In a thread about privacy rights and freedom of speech, I notice you failed to rebut that children have these same freedoms as do adults, and instead chose to pick nits regarding other rights.

And in any case, your statement about property rights is flatly untrue. Children can not only own property -- up to and including multi-million dollar real estate holdings -- but can freely control it in the same manner as any adult: buy, sell, rent, whatever. The sole limitation is that a child cannot themselves enter into a mortgage contract, but even that restriction can be negated by an order granting them emancipated status.
 

Squid Surprise

Posts: 4,035   +3,163
In a thread about privacy rights and freedom of speech, I notice you failed to rebut that children have these same freedoms as do adults, and instead chose to pick nits regarding other rights.

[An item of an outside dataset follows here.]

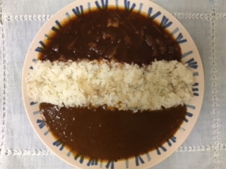 カレーとハヤシライスソースを別々に器に盛ります。ご飯はソ-スがかけられるぐらいの器に別に盛ります。ご飯の上に2種類のソ-スをかけて混ぜずにお召し上がりください。

And in any case, your statement about property rights is flatly untrue. Children can not only own property -- up to and including multi-million dollar real estate holdings -- but can freely control it in the same manner as any adult: buy, sell, rent, whatever. The sole limitation is that a child cannot themselves enter into a mortgage contract, but even that restriction can be negated by an order granting them emancipated status.
A Child's right to free speech is NOT the same as an adult's... While certain rights are given to them, if authorities (including schools) decide that what a child says isn't appropriate, it can be legally "censored"...

While children may own property in a limited sense in some states, they still don't have the exact rights as an adult does... nor should they...

The underlying point that I was making - which I'm pretty sure everyone on the thread understood - was that children's rights are limited compared to adults, and searching their phones does not violate anything - provided their guardians give consent.